# Stage 8a — Multi-GW Belief Rollup

## Why Multi-GW Rollup?

Single-GW decisions (captaincy, transfer-IN) showed that availability adjustment (`p_play × mu_points`) does **not** improve ranking outcomes. The top-ranked players by `mu_points` are already nailed-on starters, so multiplying by `p_play ≈ 0.95` just dampens their scores.

But what happens over **multiple gameweeks**?

If a player has `p_play = 0.90` in each GW, over 5 GWs their cumulative probability of playing all matches is:

$$P(\text{plays all 5}) = 0.90^5 = 0.59$$

This suggests that **availability risk compounds over time**. A player who is slightly rotation-prone may miss 1-2 GWs in a 5-GW window, significantly reducing their actual returns.

Stage 8a computes multi-GW belief rollups to test whether availability adjustment becomes valuable over longer horizons.

## Rollup Definitions

For each `(player_id, gw_start, horizon H)`:

| Metric | Formula | Meaning |
|--------|---------|--------|
| `cum_mu_points` | Σ mu_points | Total expected points if plays all GWs |
| `cum_ev` | Σ (p_play × mu_points) | Availability-adjusted expected value |
| `cum_play_prob` | Π p_play | Probability of playing all GWs |

In [None]:
import pandas as pd
import numpy as np

# Load rollup data
rollups = pd.read_csv("../storage/datasets/beliefs_multigw.csv")
beliefs = pd.read_csv("../storage/datasets/beliefs.csv")

print(f"Rollup rows: {len(rollups):,}")
print(f"Horizons: {sorted(rollups['horizon'].unique())}")
print(f"Players: {rollups['player_id'].nunique():,}")

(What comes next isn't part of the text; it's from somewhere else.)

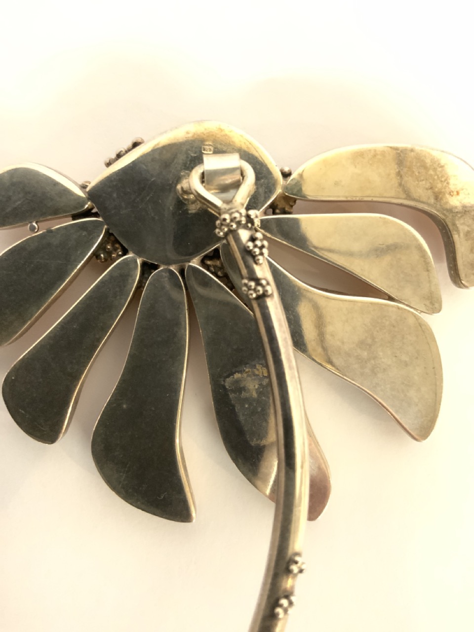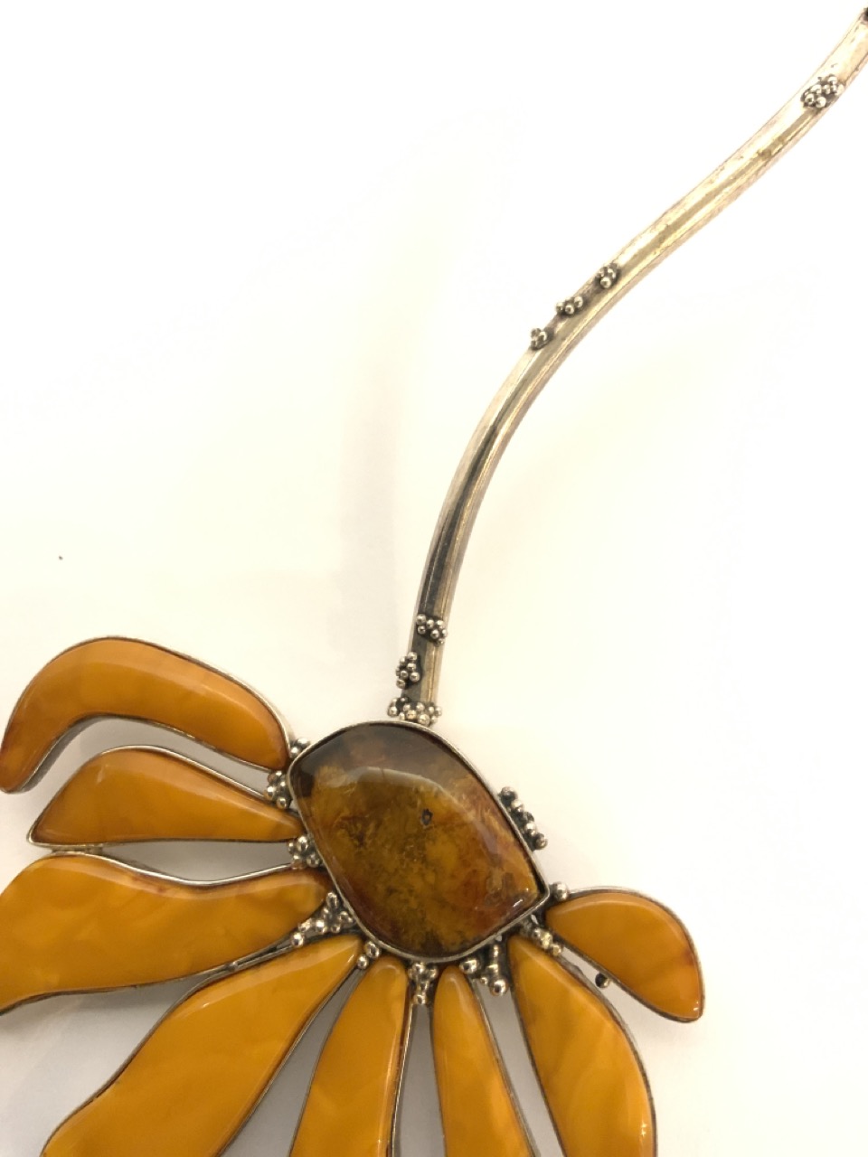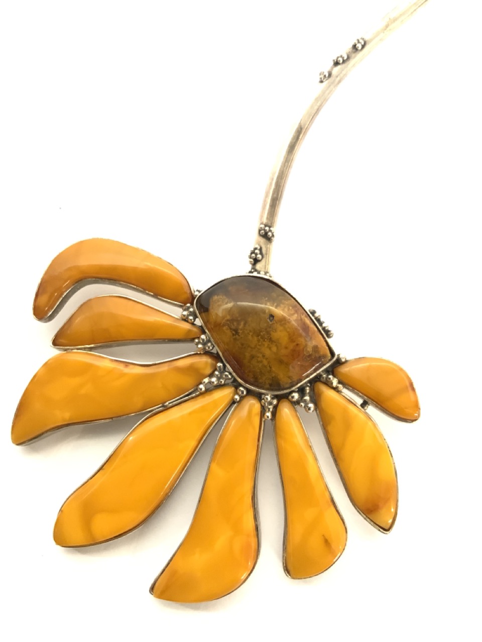 A sterling silver Amber open sided necklace. A large amber sunflower pendant with a 5 1/2" width.

## Example: One Player Across Horizons

Let's look at how beliefs accumulate for a single player across different horizons.

In [None]:
# Find a player with high mu_points to use as example
avg_mu = beliefs.groupby("player_id")["mu_points"].mean().sort_values(ascending=False)
example_player = avg_mu.index[0]

# Get player name (if available) or just use ID
print(f"Example player ID: {example_player}")
print(f"Average mu_points: {avg_mu.iloc[0]:.2f}")
print()

# Show rollup for this player starting from GW 5
gw_start = 5
player_rollup = rollups[
    (rollups["player_id"] == example_player) & 
    (rollups["gw_start"] == gw_start)
].sort_values("horizon")

print(f"Player {example_player} rollup from GW {gw_start}:")
print()
print(player_rollup[["horizon", "cum_mu_points", "cum_ev", "cum_play_prob"]].to_string(index=False))

## Summary: Average Rollups by Horizon

In [None]:
# Compute averages by horizon
summary = rollups.groupby("horizon").agg(
    avg_cum_mu_points=("cum_mu_points", "mean"),
    avg_cum_ev=("cum_ev", "mean"),
    avg_cum_play_prob=("cum_play_prob", "mean"),
    n_rows=("player_id", "count"),
).reset_index()

# Add EV ratio (how much value is "lost" to availability)
summary["ev_ratio"] = summary["avg_cum_ev"] / summary["avg_cum_mu_points"]

print("Average Rollups by Horizon")
print("=" * 70)
print(summary.to_string(index=False))

## Interpretation

### Key Observations

1. **cum_play_prob decays rapidly**: The average probability of playing all GWs drops to ~17-30% even over short horizons. This is because the player pool includes many rotation-prone players.

2. **cum_ev < cum_mu_points**: The availability-adjusted expected value is always lower than the raw sum, reflecting the risk of missing games.

3. **EV ratio decreases with horizon**: Over longer horizons, a larger fraction of expected value is "lost" to availability risk.

### What This Enables

Stage 8b can now evaluate:

> "Does ranking players by `cum_ev` outperform ranking by `cum_mu_points` over multi-GW horizons?"

If availability compounds meaningfully, we expect `cum_ev` to produce better rankings for hold-length decisions (e.g., "which player should I transfer in and keep for 5 GWs?").

### Caveats

- Beliefs are treated as independent across GWs (no autocorrelation)
- No decay or weighting applied
- Squad constraints not considered

This stage is a pure belief transformation. Evaluation happens in Stage 8b.